[Dataset items]
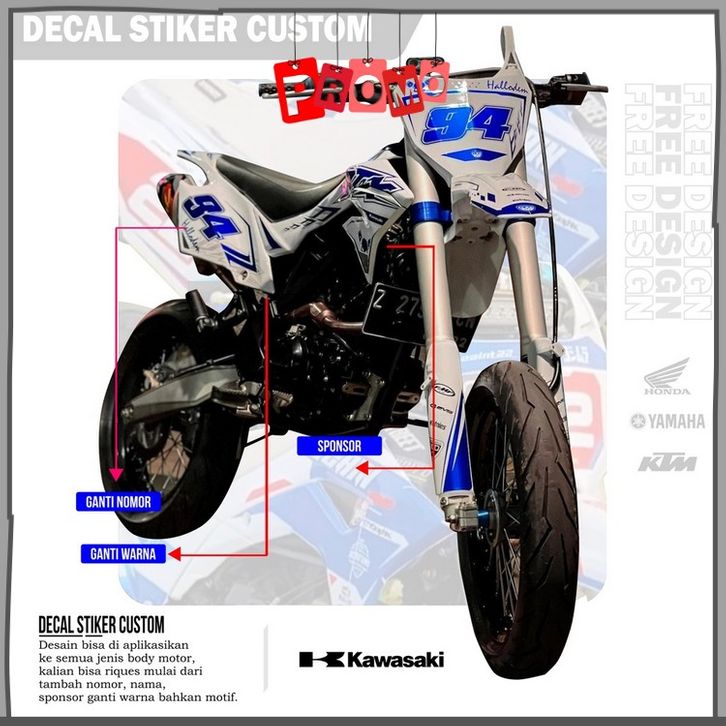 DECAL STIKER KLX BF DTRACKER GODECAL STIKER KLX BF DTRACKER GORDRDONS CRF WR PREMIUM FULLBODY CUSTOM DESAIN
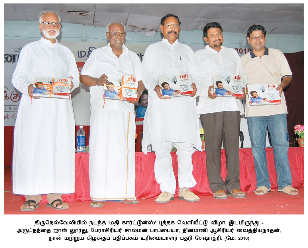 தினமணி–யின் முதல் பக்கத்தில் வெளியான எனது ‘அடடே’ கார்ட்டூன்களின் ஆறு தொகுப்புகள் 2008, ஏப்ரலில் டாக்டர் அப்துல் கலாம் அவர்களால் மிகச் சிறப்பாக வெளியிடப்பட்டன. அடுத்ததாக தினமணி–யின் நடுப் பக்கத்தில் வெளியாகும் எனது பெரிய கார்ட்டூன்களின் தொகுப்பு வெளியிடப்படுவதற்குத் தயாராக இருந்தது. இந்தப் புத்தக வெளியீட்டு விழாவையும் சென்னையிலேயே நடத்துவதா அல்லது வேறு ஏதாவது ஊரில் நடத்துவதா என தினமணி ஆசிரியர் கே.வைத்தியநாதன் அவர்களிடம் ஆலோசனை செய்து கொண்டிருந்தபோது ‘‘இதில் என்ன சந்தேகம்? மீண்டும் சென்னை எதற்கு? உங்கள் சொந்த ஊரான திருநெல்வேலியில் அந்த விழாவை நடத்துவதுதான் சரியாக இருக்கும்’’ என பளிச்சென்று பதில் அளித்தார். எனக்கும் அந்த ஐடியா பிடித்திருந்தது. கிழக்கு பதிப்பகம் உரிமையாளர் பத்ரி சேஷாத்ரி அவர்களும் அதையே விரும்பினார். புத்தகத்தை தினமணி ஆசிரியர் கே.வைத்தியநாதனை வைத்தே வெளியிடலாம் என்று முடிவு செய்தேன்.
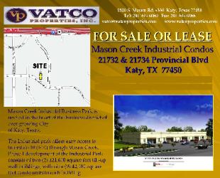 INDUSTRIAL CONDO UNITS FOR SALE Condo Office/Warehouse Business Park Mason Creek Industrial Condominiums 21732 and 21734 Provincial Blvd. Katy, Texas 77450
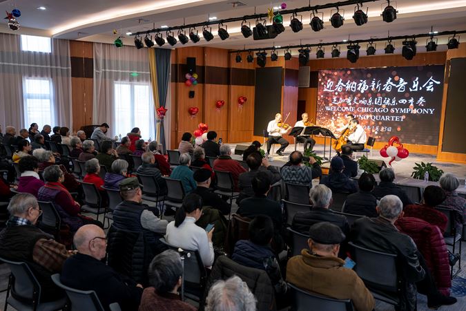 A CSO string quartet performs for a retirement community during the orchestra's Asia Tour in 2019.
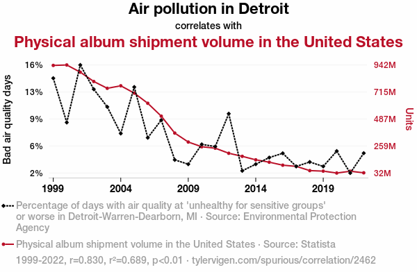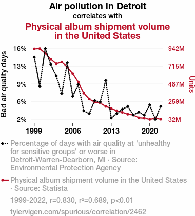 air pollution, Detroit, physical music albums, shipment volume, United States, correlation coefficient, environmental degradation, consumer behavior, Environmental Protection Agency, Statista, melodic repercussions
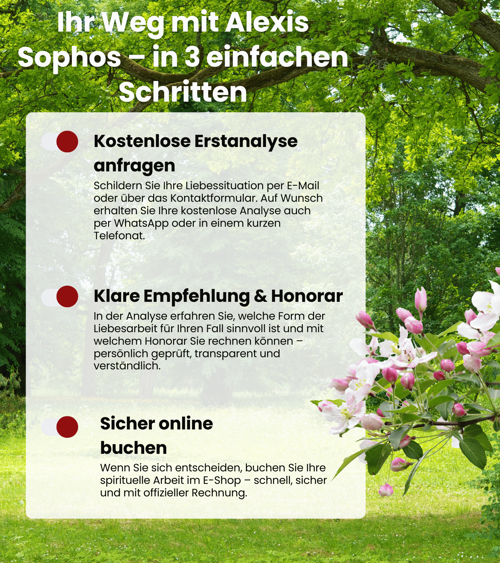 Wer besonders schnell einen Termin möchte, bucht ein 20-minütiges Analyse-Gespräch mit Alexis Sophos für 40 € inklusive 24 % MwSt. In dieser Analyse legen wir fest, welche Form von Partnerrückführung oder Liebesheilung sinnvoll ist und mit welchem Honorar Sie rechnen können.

_TASK BRIEF_: An exact copy of every line above, minus the pictures, is the required output.

_RESPONSE BELOW_:
 DECAL STIKER KLX BF DTRACKER GODECAL STIKER KLX BF DTRACKER GORDRDONS CRF WR PREMIUM FULLBODY CUSTOM DESAIN
 தினமணி–யின் முதல் பக்கத்தில் வெளியான எனது ‘அடடே’ கார்ட்டூன்களின் ஆறு தொகுப்புகள் 2008, ஏப்ரலில் டாக்டர் அப்துல் கலாம் அவர்களால் மிகச் சிறப்பாக வெளியிடப்பட்டன. அடுத்ததாக தினமணி–யின் நடுப் பக்கத்தில் வெளியாகும் எனது பெரிய கார்ட்டூன்களின் தொகுப்பு வெளியிடப்படுவதற்குத் தயாராக இருந்தது. இந்தப் புத்தக வெளியீட்டு விழாவையும் சென்னையிலேயே நடத்துவதா அல்லது வேறு ஏதாவது ஊரில் நடத்துவதா என தினமணி ஆசிரியர் கே.வைத்தியநாதன் அவர்களிடம் ஆலோசனை செய்து கொண்டிருந்தபோது ‘‘இதில் என்ன சந்தேகம்? மீண்டும் சென்னை எதற்கு? உங்கள் சொந்த ஊரான திருநெல்வேலியில் அந்த விழாவை நடத்துவதுதான் சரியாக இருக்கும்’’ என பளிச்சென்று பதில் அளித்தார். எனக்கும் அந்த ஐடியா பிடித்திருந்தது. கிழக்கு பதிப்பகம் உரிமையாளர் பத்ரி சேஷாத்ரி அவர்களும் அதையே விரும்பினார். புத்தகத்தை தினமணி ஆசிரியர் கே.வைத்தியநாதனை வைத்தே வெளியிடலாம் என்று முடிவு செய்தேன்.
 INDUSTRIAL CONDO UNITS FOR SALE Condo Office/Warehouse Business Park Mason Creek Industrial Condominiums 21732 and 21734 Provincial Blvd. Katy, Texas 77450
 A CSO string quartet performs for a retirement community during the orchestra's Asia Tour in 2019.
 air pollution, Detroit, physical music albums, shipment volume, United States, correlation coefficient, environmental degradation, consumer behavior, Environmental Protection Agency, Statista, melodic repercussions
 Wer besonders schnell einen Termin möchte, bucht ein 20-minütiges Analyse-Gespräch mit Alexis Sophos für 40 € inklusive 24 % MwSt. In dieser Analyse legen wir fest, welche Form von Partnerrückführung oder Liebesheilung sinnvoll ist und mit welchem Honorar Sie rechnen können.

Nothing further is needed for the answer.